Oh, hello fresh minefield. Alan Redman is an organisational psychologist at Birkbeck, University of London, with a sideline in the psychology of commuter cycling. His top manners tips are: “One, wave/smile at other riders. Always. Two, don’t shout at drivers or pedestrians. Three, don’t overtake and then immediately slow down.” More broadly, he says, there is too much focus on commuting being terrifying – it is at the start, but people overcome that fairly fast and afterwards get a huge sense of zeal from their sense of legitimacy on the road and their feeling of having sailed over the fear barrier. 

Is it safe to start dating? How far can you go?

As it is allowed for two people to meet, there is no reason you can’t go out on a date, so long as you can cope with pubs not being open. Given the two-metre distance, however, you probably can’t do much else. There is a hilarious legal loophole, here – as of this week it is illegal for two people from different households to meet indoors and have sex.
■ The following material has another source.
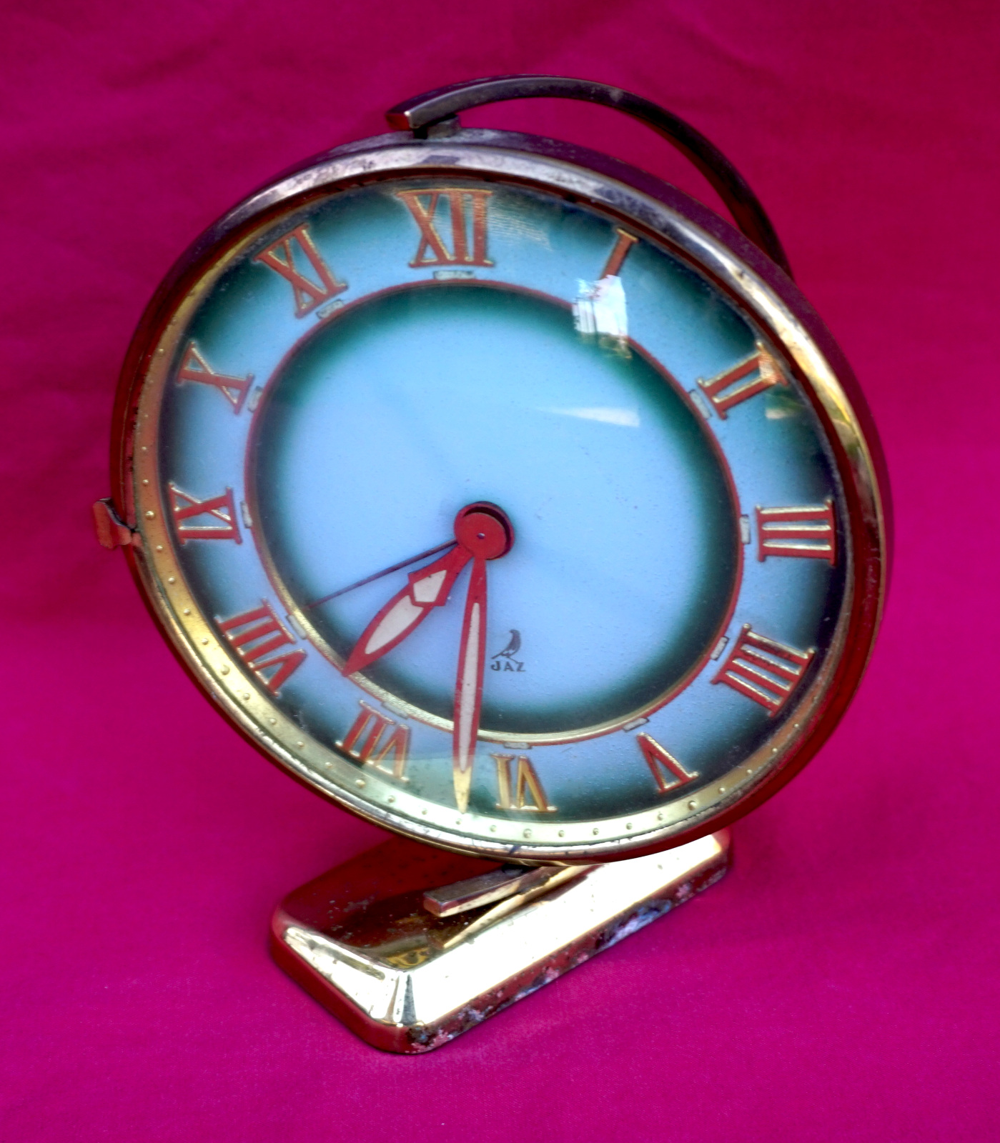 JAZ TOURNIC Rotating Alarm Clock Roman Numerals Green Dial 1960's

The rules around outdoor gatherings, however, are guidance not law, so in theory you could breach your two-metre rule and have sex in the garden without getting arrested. So long as you weren’t overlooked, which would of course breach another law. And so long as there were six of you. No, wait … 

Who can I hug?

You can continue to hug members of your own household. You can definitely hug any of the six people you have just had outdoor sex with, in for a penny etc (joke! This is a joke). People I’ve been extremely tempted to hug include those who have definitely had the virus already, with the antibody test to prove it, and those who are at the end of their lives and claim not to care whether they get it or not. The expert advice remains: do not hug any of these people.